The structure of the dictionary can take many forms. To see the various structures take a look at the converse function DataFrame.to_dict().

Creating from a List
This is highly unusual, but possible.

# to get a dataframe with 1 column from a list of values
list = [ 2, 4, 6, 8 ]
df = pd.DataFrame(list)
# The above code creates 4 rows, 1 column, using default indexing. Column name is 0.

Accessing/Changing Attributes & Values#

  • renaming columns

  • index and reindexing

Handy Solutions to Common problems#

Example: pd.read_csv(name, thousands=',', na_values='---', usecols=['c1', 'c2'], dtype={'c1':np.float64, 'c2':np.int32}, skiprows=3)

  • setting NaN (na_values='---'), or the comma separator (via thousands=',' for currency

  • changing all columns to be numeric: df = df.apply(pd.to_numeric, errors='coerce')

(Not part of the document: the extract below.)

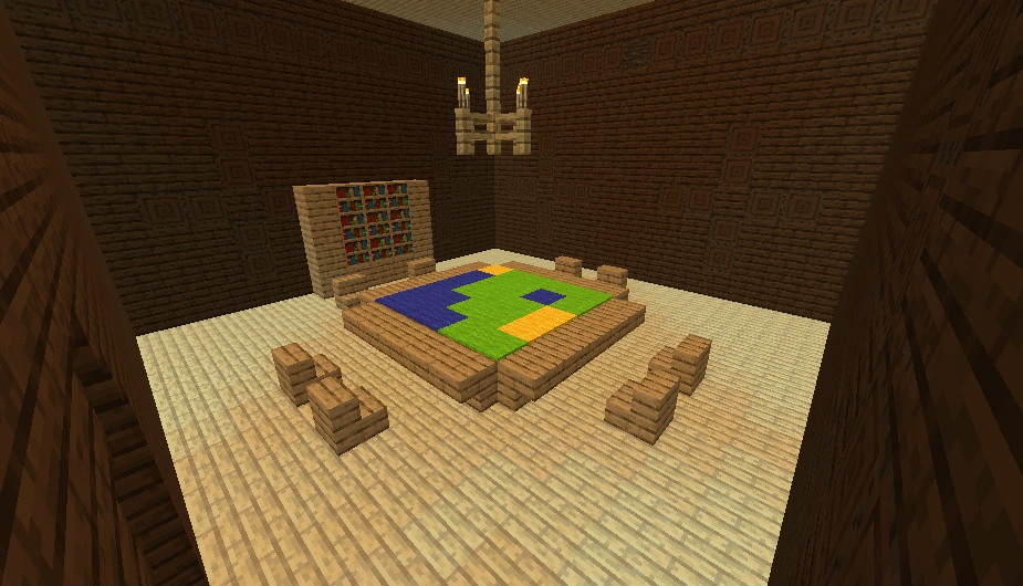 | 2x2_b4 | Pokój z mapą | Pokój z kolorowym dywanem na stole imitującym mapę. Jest tam kilka regałów na książki. Dwóch obrońców i przywoływacz zawsze się tu spawnuje. | 225 Brzozowe deski

  • one can reduce time & memory of reading a file using the argument usecols=['col1_name', 'col4_name']'

  • dtype argument can set the types of each columns

  • skiprows=5 can be used to skip the first 5 lines of a CSV file if there are some header lines to be ignored

  • df.sort_index()

  • df.sample(n=30)

  • df.reset_index(inplace=True)

  • df.melt(value_name=’value’, var_name=’source’, ignore_index=False)